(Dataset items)
↓↓↓

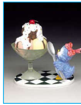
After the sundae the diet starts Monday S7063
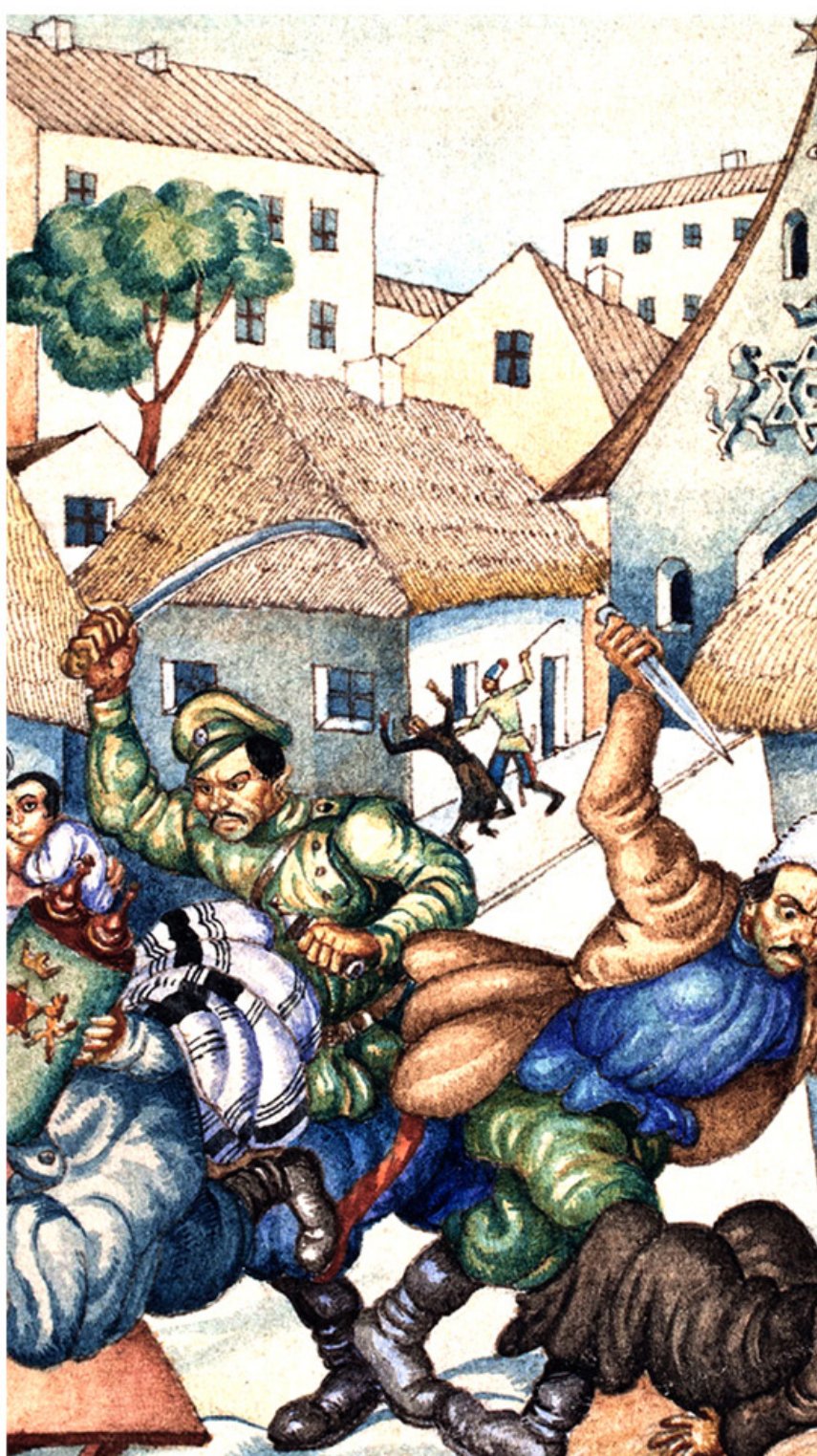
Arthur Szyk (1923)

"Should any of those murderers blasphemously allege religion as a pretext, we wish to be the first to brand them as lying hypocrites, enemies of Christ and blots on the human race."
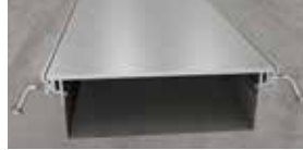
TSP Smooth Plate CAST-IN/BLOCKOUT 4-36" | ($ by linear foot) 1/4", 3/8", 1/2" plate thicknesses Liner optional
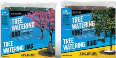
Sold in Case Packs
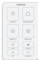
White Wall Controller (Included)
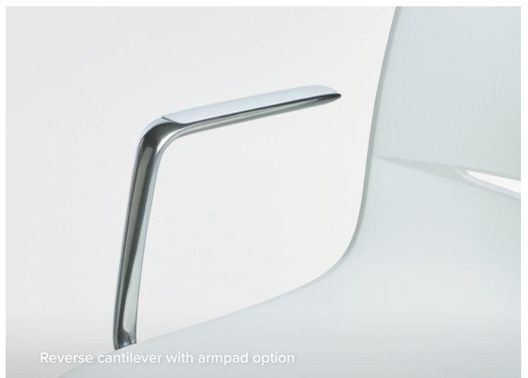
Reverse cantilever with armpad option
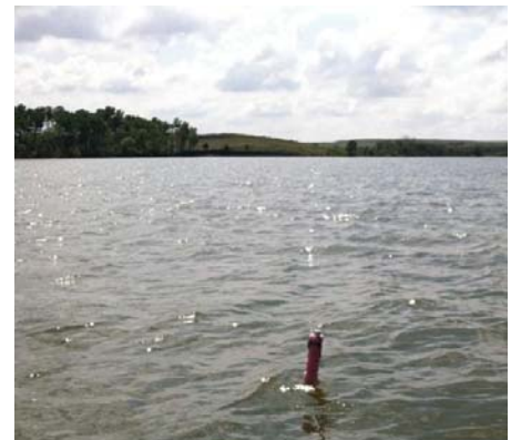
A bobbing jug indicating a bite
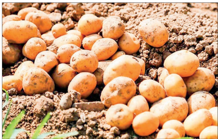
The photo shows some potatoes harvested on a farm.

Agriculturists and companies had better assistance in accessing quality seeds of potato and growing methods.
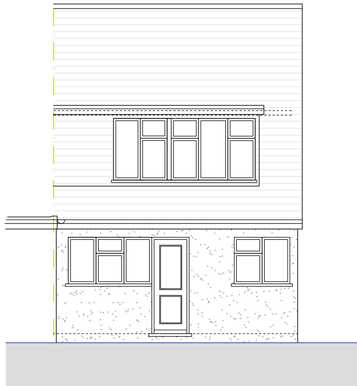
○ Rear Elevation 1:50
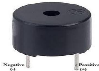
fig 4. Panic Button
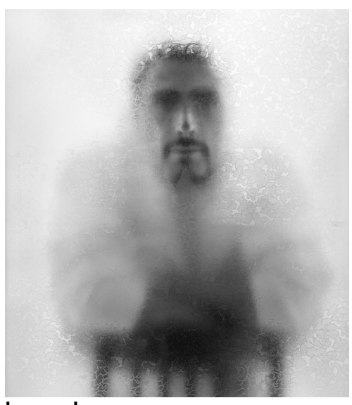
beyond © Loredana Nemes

↑↑↑

Take only the line containing "any of those" and every line after it to the end of the entries, and copy them exactly, pictures excluded.

"Should any of those murderers blasphemously allege religion as a pretext, we wish to be the first to brand them as lying hypocrites, enemies of Christ and blots on the human race."
TSP Smooth Plate CAST-IN/BLOCKOUT 4-36" | ($ by linear foot) 1/4", 3/8", 1/2" plate thicknesses Liner optional
Sold in Case Packs
White Wall Controller (Included)
Reverse cantilever with armpad option
A bobbing jug indicating a bite
The photo shows some potatoes harvested on a farm.

Agriculturists and companies had better assistance in accessing quality seeds of potato and growing methods.
○ Rear Elevation 1:50
fig 4. Panic Button
beyond © Loredana Nemes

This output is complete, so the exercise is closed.